Marc Maxmeister
Marc Maxmeister

Reputation: 4689

Parameters/kwargs I pass into a class during instantiation __init__ get ignored

I'm having trouble understanding why this class object doesn't take my init params. This is python 3.6.

IN ONE FILE I import a webcrawler and pass kwargs into it:

import metacrawler as mc
mc.crawlwrapper(url=archive_url, archive_org=True, index_pages=True, depth_limit=2, fileroot='content/')

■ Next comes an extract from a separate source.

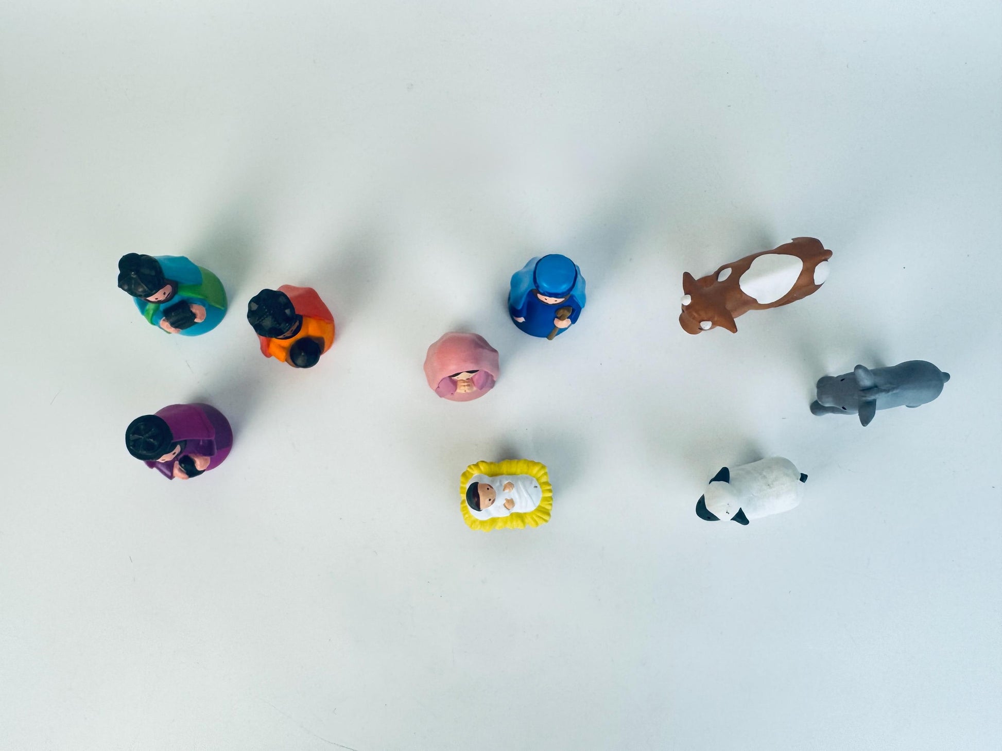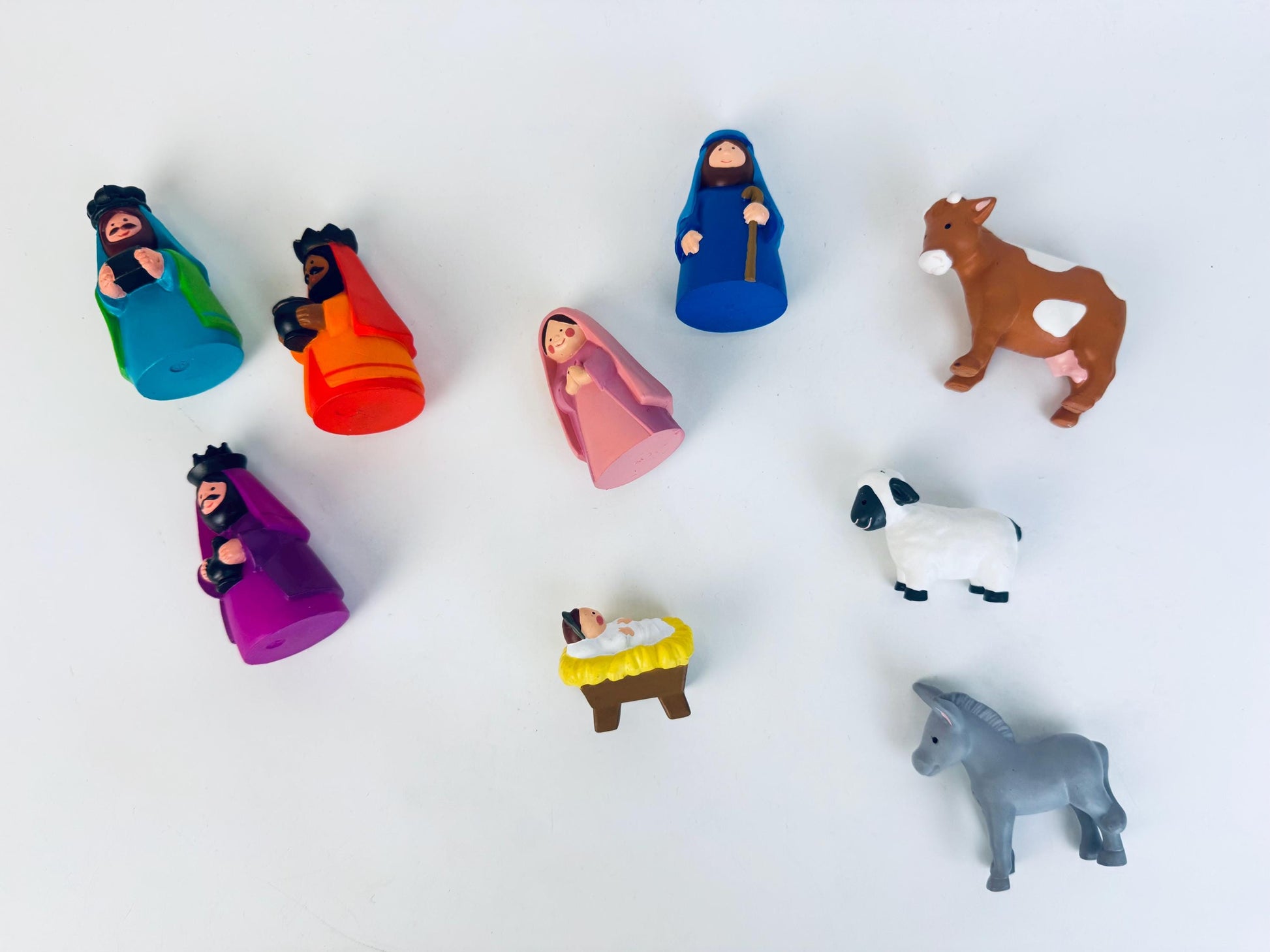 Vintage AVON My First Christmas Story Nativity Set Multicolour Hard-Rubber 9-Piece Kids Christmas Creche Display

DEBUG: yes, the True parameter is defined as True at this point.

{'archive_org': True}

THAT GOES into an intermediate function that creates a class instance. Here's the in-between function that parses everything from the first function into the Crawler:

def crawlwrapper(**kw):
    fileroot = kw.get('fileroot','')
    url = kw['url']
    print('DEBUG(pre):{0}'.format(kw))
    depth_limit = kw.get('depth_limit',3)
    confine_prefix= kw.get('confine_prefix') # use to make archive.org not follow external links
    archive_org = kw.get('archive_org',False) # special urlparse rules apply
    exclude=kw.get('exclude',[])
    print_pov=kw.get('print_pov',False)    
    index_pages = kw.get('index_pages')    
    print('DEBUG(post): depth_limit, confine_prefix, index_pages, archive_org {0}'.format([depth_limit, confine_prefix, index_pages, archive_org]))

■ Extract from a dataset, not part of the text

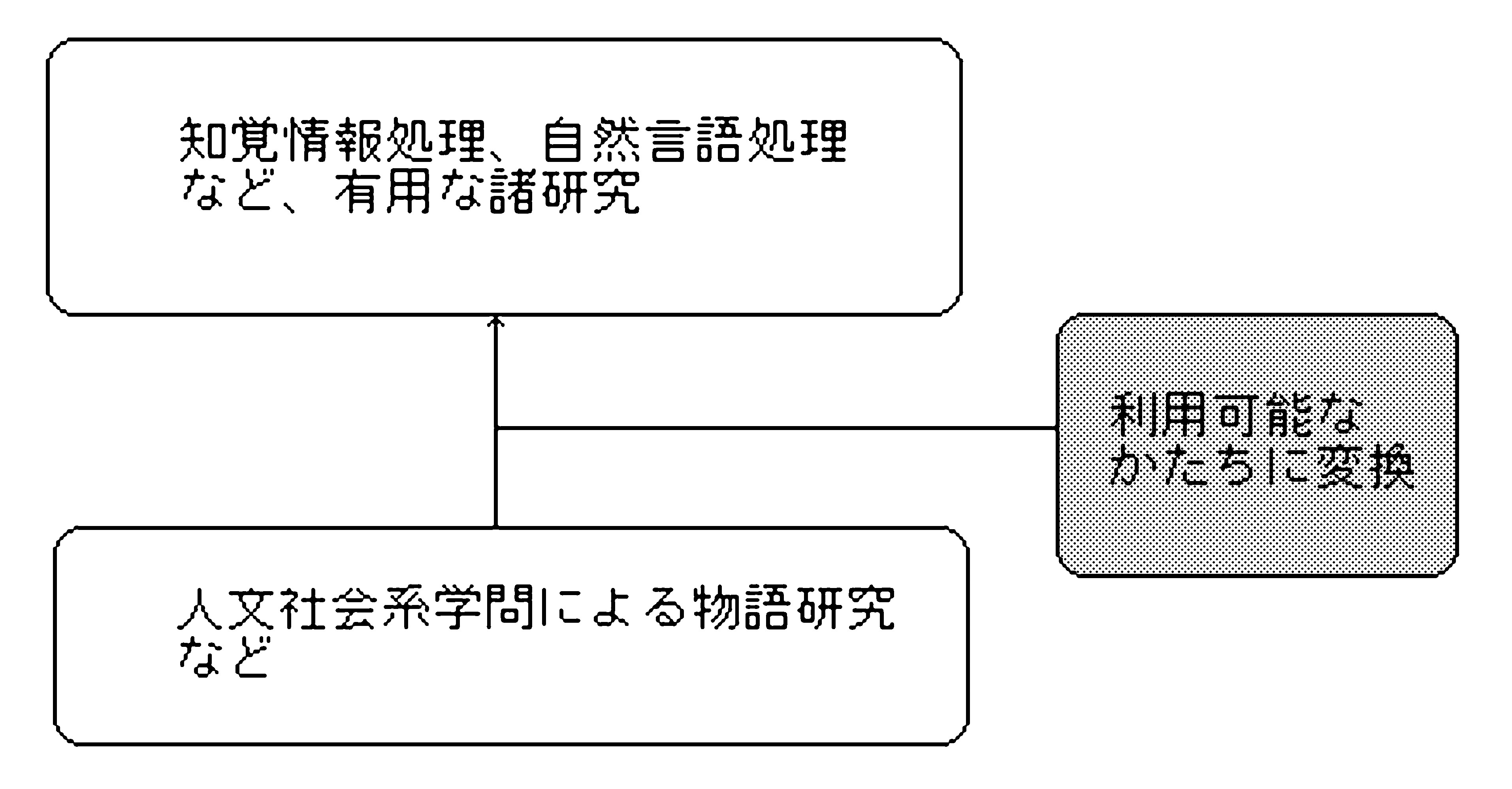 広告など、情報伝達を意図して作られた技術の産物(人工物)を研究することは、人間が理解しやすい情報提示のパターンを明らかにするうえで、大きな成果を挙げてきた。同じことは、文学・絵画・映画などの芸術作品の構造的研究についても言える。何から話しはじめれば聞く人を惹きつけられるのか、複数のエピソードをどのように並べれば最後まで興味を失わせずに済むのか、キャラクターをどう動かせば大きな盛り上がりが得られるのか、複数のキャラクターにどのような対話をさせれば複雑な筋立てを読者に要領よく理解させられるのか、何に注意すればお話しが自然な結末を迎えるのか…等々は、詩学、文学研究、美術研究、文化人類学、記号論、物語論、映画研究など、従来の人文社会系の学問が取り組み、成果を積み上げてきたことがらである。しかしその成果が記された文献は、他分野の研究者から見て、近寄り難い形式で書かれていることが多い。それでは、せっかくの成果や資産が台無しである。第一の研究テーマは、そうした資産を、他の研究分野の方々のご協力を仰ぎながら、より多くの人のために役立つかたちに変換していくことである。

    crawler = Crawler(url, depth_limit, confine_prefix, exclude, index_pages, print_pov, archive_org)
    crawler.crawl()

Here is the Crawler that receives kwargs from the crawlwrapper(**kw) function:

class Crawler(object):
    ##BUG: for some reason, at some point, the init defaults don't get overridden when instatiated.

    def __init__(self, url, depth_limit, confine=None, exclude=[], locked=True, filter_seen=True, index_pages=True, print_pov=False, archive_org=None):
        print('depth_limit {0}, confine {1}, index_pages {2}, archive_org {3}'.format(depth_limit, confine, index_pages, archive_org))

DEBUG: Here's what is received in the crawler.crawl() class method:

depth_limit 2, confine http://www.cfu.or.ug, index_pages True, archive_org None

notice that achive_org changed from True to None?

Why didn't Crawler receive my archive_org=True parameter?

Upvotes: 1

Views: 68

Answers (1)

Jason R. Coombs
Jason R. Coombs

Reputation: 42649

It’s because when you write Class(a, b), it passes the values of a and b to whatever names were defined as the first two names on that class (or function).

But when you say Class(a=a, b=b), you’re saying “call Class.__init__ with a set to a (from my scope) and set b to b (from my scope).

What you’ve written in your first call is equivalent to crawler = Crawler(root=url, depth_limit=depth_limit, confine=confine_prefix, exclude=exclude, locked=index_pages, filter_seen=print_pov, index_pages=archive_org, print_pov=False, archive_org=None).

In other words, there’s no implicit relationship between the namespace/scope of the caller and the signature of the function/method being called. The parameters are assigned positionally unless you use keyword arguments (a=a).

Python 3 adds support for keyword-only arguments that might have helped prevent this situation. Had you defined Crawler.__init__ thus:

def __init__(self, root, depth_limit, *, confine=None, exclude=[], locked=True, filter_seen=True, index_pages=True, print_pov=False, archive_org=None)

That * would signal that the remaining parameters cannot be specified positionally and must be indicated by name.

Honestly, I was stumped on the problem too until I got to the hint.